Output each entry that follows exactly. Images stay out.

The records START

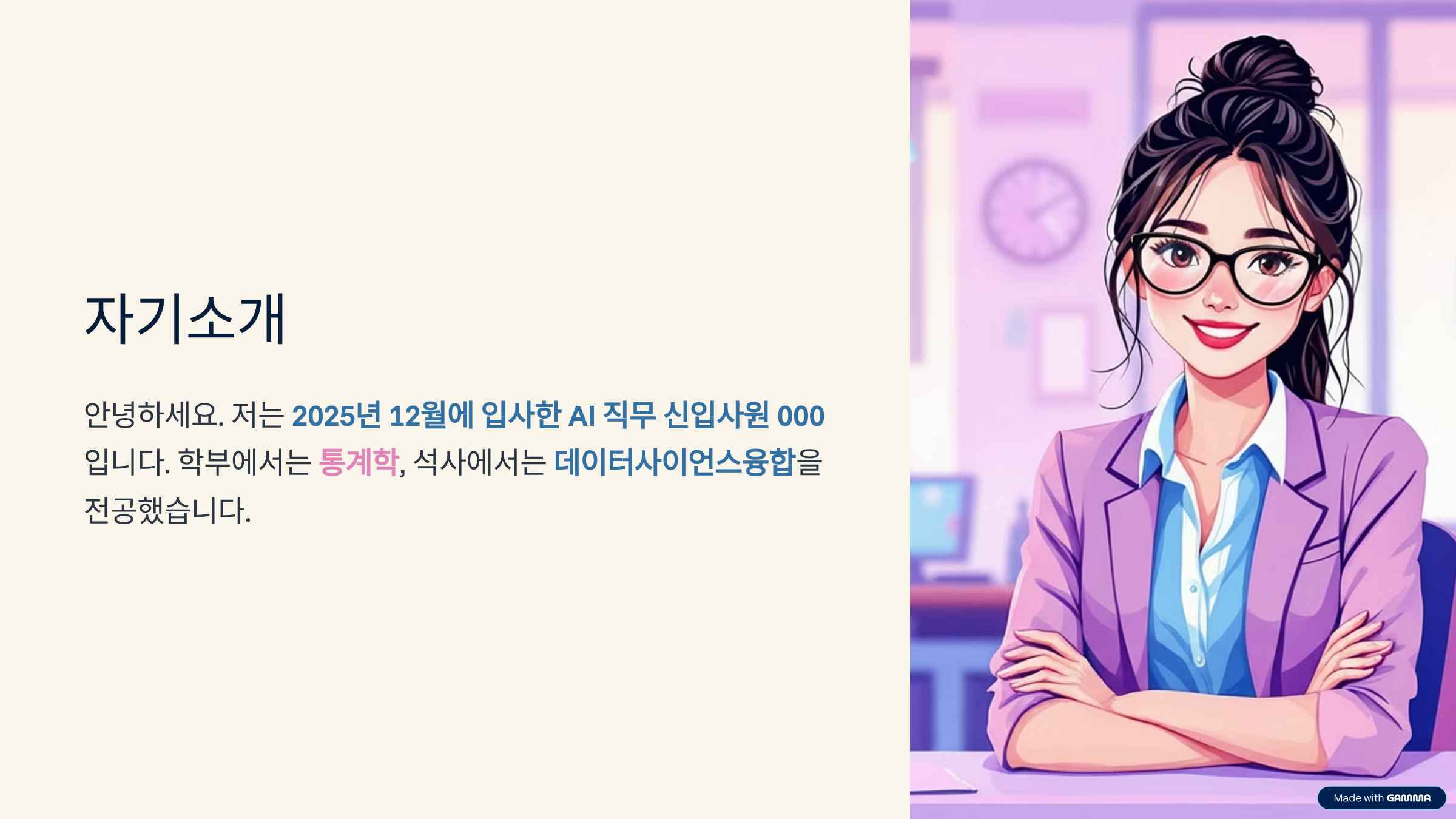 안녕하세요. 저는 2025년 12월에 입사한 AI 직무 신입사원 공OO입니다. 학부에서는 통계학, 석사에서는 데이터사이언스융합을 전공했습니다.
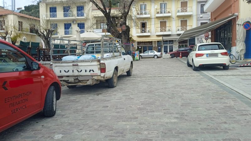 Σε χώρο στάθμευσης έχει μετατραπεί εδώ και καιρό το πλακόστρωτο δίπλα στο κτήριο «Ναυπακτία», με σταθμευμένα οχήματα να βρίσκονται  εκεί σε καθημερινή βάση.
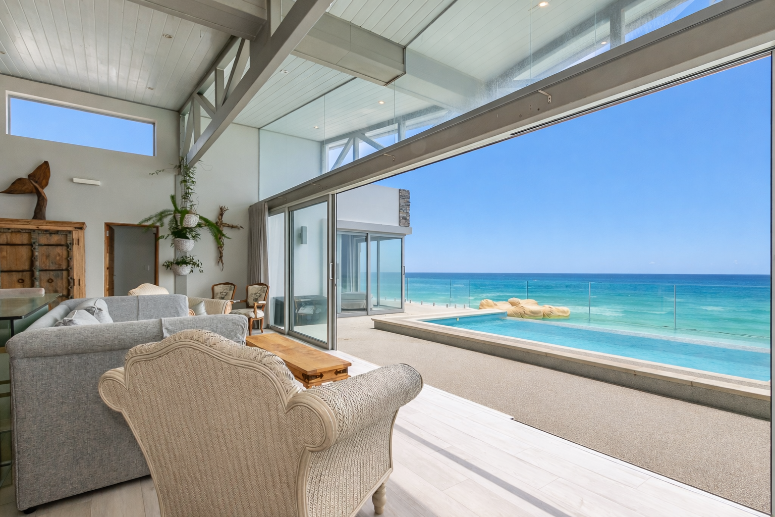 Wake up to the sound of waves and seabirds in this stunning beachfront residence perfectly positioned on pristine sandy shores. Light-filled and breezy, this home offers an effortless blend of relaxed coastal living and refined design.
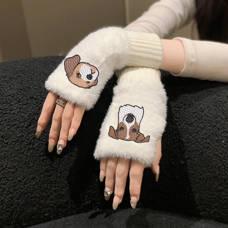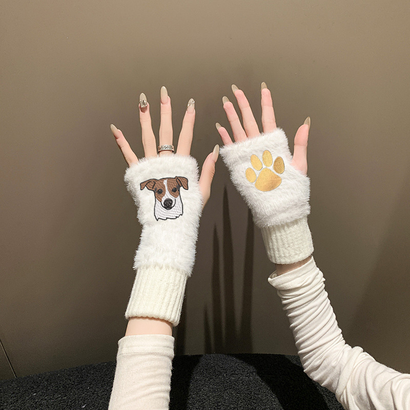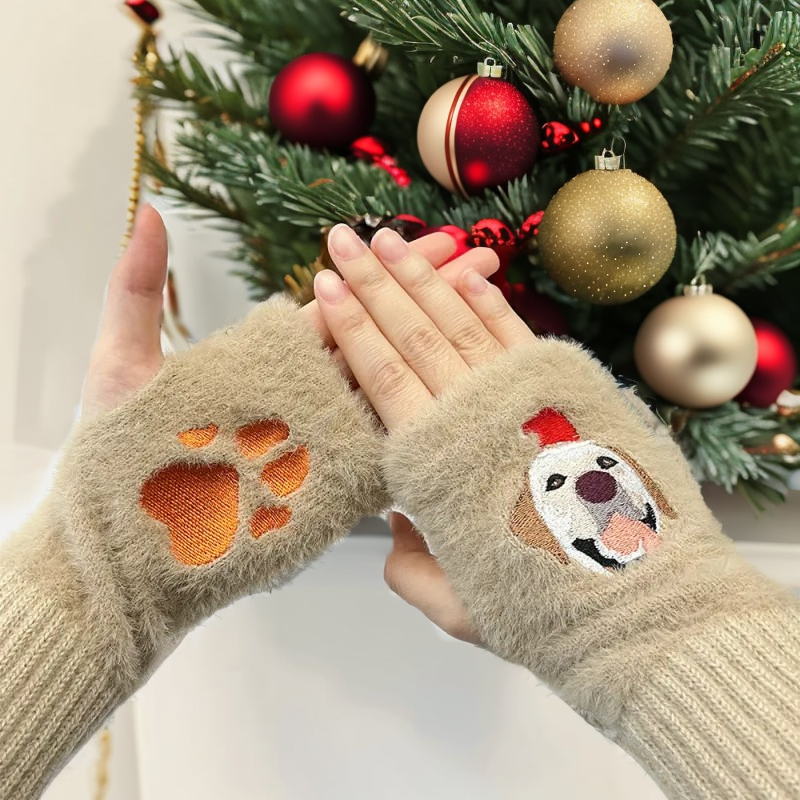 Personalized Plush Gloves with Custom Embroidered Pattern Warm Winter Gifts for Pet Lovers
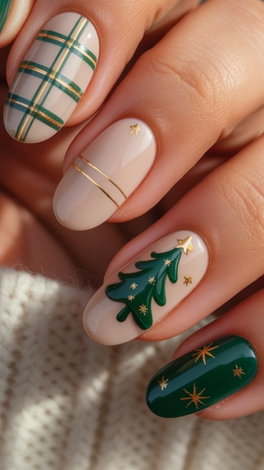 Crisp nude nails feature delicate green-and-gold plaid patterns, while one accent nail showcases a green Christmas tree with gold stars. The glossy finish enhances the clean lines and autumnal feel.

The records END

--- Response box ---
 안녕하세요. 저는 2025년 12월에 입사한 AI 직무 신입사원 공OO입니다. 학부에서는 통계학, 석사에서는 데이터사이언스융합을 전공했습니다.
 Σε χώρο στάθμευσης έχει μετατραπεί εδώ και καιρό το πλακόστρωτο δίπλα στο κτήριο «Ναυπακτία», με σταθμευμένα οχήματα να βρίσκονται  εκεί σε καθημερινή βάση.
 Wake up to the sound of waves and seabirds in this stunning beachfront residence perfectly positioned on pristine sandy shores. Light-filled and breezy, this home offers an effortless blend of relaxed coastal living and refined design.
 Personalized Plush Gloves with Custom Embroidered Pattern Warm Winter Gifts for Pet Lovers
 Crisp nude nails feature delicate green-and-gold plaid patterns, while one accent nail showcases a green Christmas tree with gold stars. The glossy finish enhances the clean lines and autumnal feel.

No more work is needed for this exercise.